Hingga pada akhirnya ia menjabat sebagai Ketua Umum PP Muhammadiyah menggantikan Amien Rais yang mendirikan partai politik pada 1998. Peran Buya sangat krusial karena harus menyelamatkan Muhammadiyah agar tidak terbawa kepentingan jangka pendek.

Upaya Buya diapresiasi internal Muhammadiyah dengan kembali dipilih sebagai Ketua Umum PP Muhammadiyah pada Muktamar ke-44 tahun 2000 di Jakarta. Buya menjabat hingga 2005 dan digantikan Din Syamsuddin.
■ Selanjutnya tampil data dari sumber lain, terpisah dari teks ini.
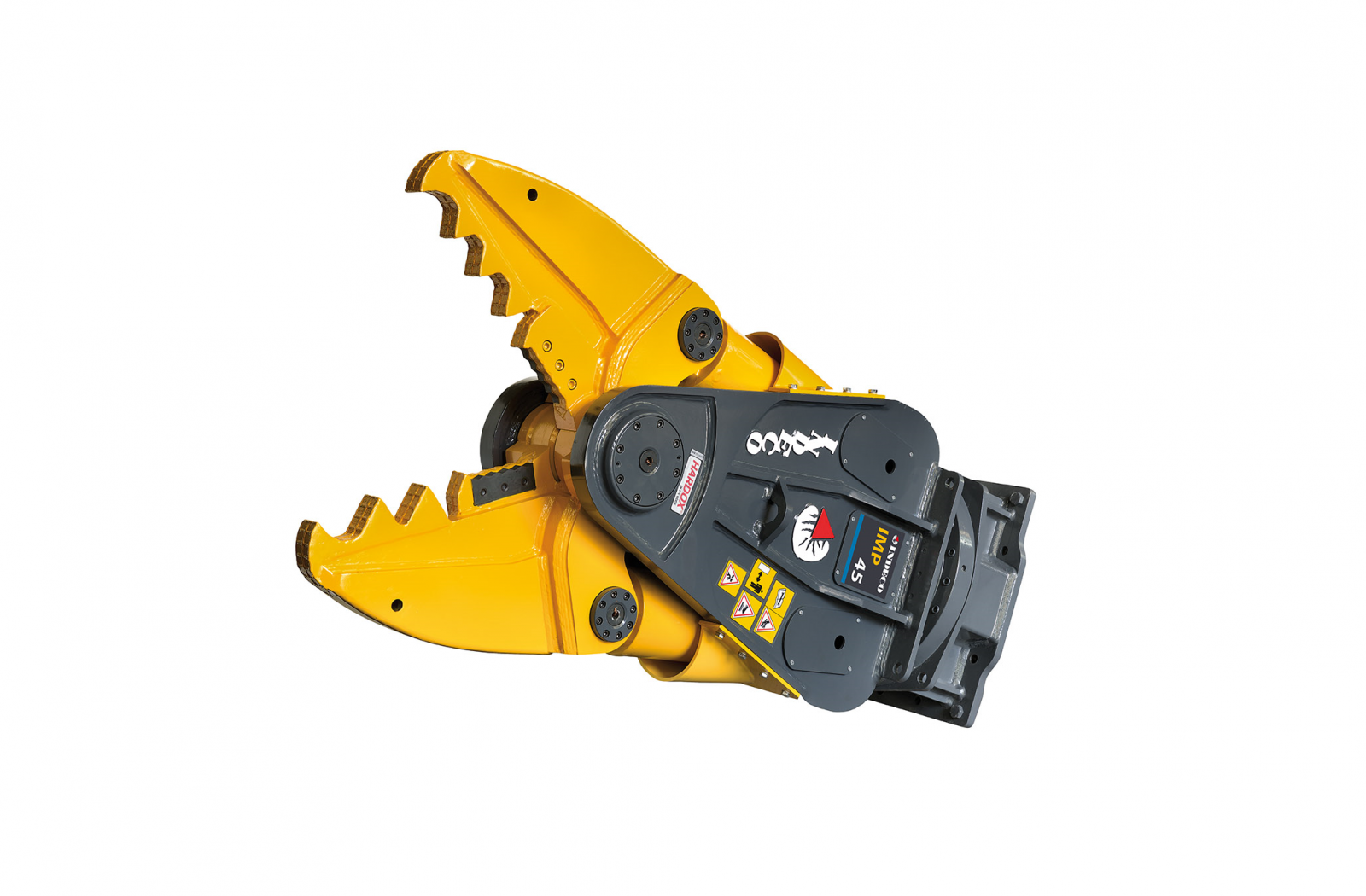Réalisé avec des matériaux technologiques de pointe, tels que les aciers spéciaux ultra-résistants HARDOX® qui rendent sa structure indéformable, le multifonction Indeco est capable de supporter de fortes pressions, des érosions, des abrasions et des utilisations prolongées dans les conditions de travail les plus hostiles. Des caractéristiques particulières telles que le design spécial des mâchoires, le mécanisme de rotation certifié (commun à tous les autres produits rotatifs Indeco) et les dents de la mâchoire mobile interchangeables dans la configuration broyeur, contribuent à l’excellent rendement du produit dans toutes les applications.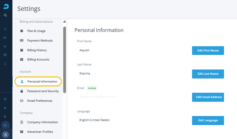 Note: When you edit your email address you will need to verify this new email address before it will be saved or used by NextRoll.

Kontribusi Buya terus berlanjut meski tidak lagi menjabat sebagai Ketua Umum PP Muhammadiyah. Ia mengembangkan Maarif Institute sebagai gerakan kebudayaan dalam konteks keislaman, kemanusiaan dan keindonesiaan.
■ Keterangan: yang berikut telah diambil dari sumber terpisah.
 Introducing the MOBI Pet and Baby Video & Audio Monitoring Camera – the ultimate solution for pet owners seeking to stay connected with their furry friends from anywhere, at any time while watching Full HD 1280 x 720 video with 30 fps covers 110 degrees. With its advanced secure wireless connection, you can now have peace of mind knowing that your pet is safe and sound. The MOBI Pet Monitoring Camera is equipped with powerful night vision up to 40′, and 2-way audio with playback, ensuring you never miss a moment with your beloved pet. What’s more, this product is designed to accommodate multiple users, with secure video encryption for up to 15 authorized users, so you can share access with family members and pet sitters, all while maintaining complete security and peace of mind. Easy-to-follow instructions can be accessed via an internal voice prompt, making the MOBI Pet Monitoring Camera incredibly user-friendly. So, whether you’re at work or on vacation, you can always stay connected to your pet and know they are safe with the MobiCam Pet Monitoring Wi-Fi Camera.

Maarif Institute ini diikhtiarkan menjadi lembaga pembaruan pemikiran dan advokasi untuk mewujudkan praksis Islam sehingga keadilan sosial dan kemanusiaan menjadi fondasi keindonesiaan. Lembaga ini juga diharapkan mendorong aktualisasi nilai-nilai demokrasi, HAM, dan kebinekaan untuk memulihkan keadaban publik, saling menghargai dan kerjasama yang konstruktif bagi keindonesiaan dan kemanusiaan.

"Dalam usia yang sudah larut ini, agenda utamaku adalah berbuat sesuatu, betapapun kecilnya, agar Indonesia sebagai sebuah bangsa dan negara tetap utuh, tidak terkoyak oleh berbagai kepentingan politik jangka pendek yang tidak sehat," sebuah kutipan yang dimuat Maarif Institute dalam situs resminya.

Buya sempat diminta menjadi salah satu Anggota Dewan Pertimbangan Presiden (Wantimpres) pada periode awal Presiden Joko Widodo (Jokowi). Namun ia tidak bersedia menerima permintaan itu.

Meski demikian, Buya tetap memberikan masukan dan kritik kepada pemerintahan Jokowi. Buya menyampaikan masukan itu secara langsung di Istana atau melalui sambungan telepon.

Terakhir, Buya bersedia menjadi Anggota Dewan Pengarah Badan Pembinaan Ideologi Pancasila (BPIP). Ia menegaskan kebinekaan harus tetap dijaga sampai kapanpun.

"Kebhinekaan harus dipahami sebagai sebuah kekuatan pemersatu bangsa," tegas Buya.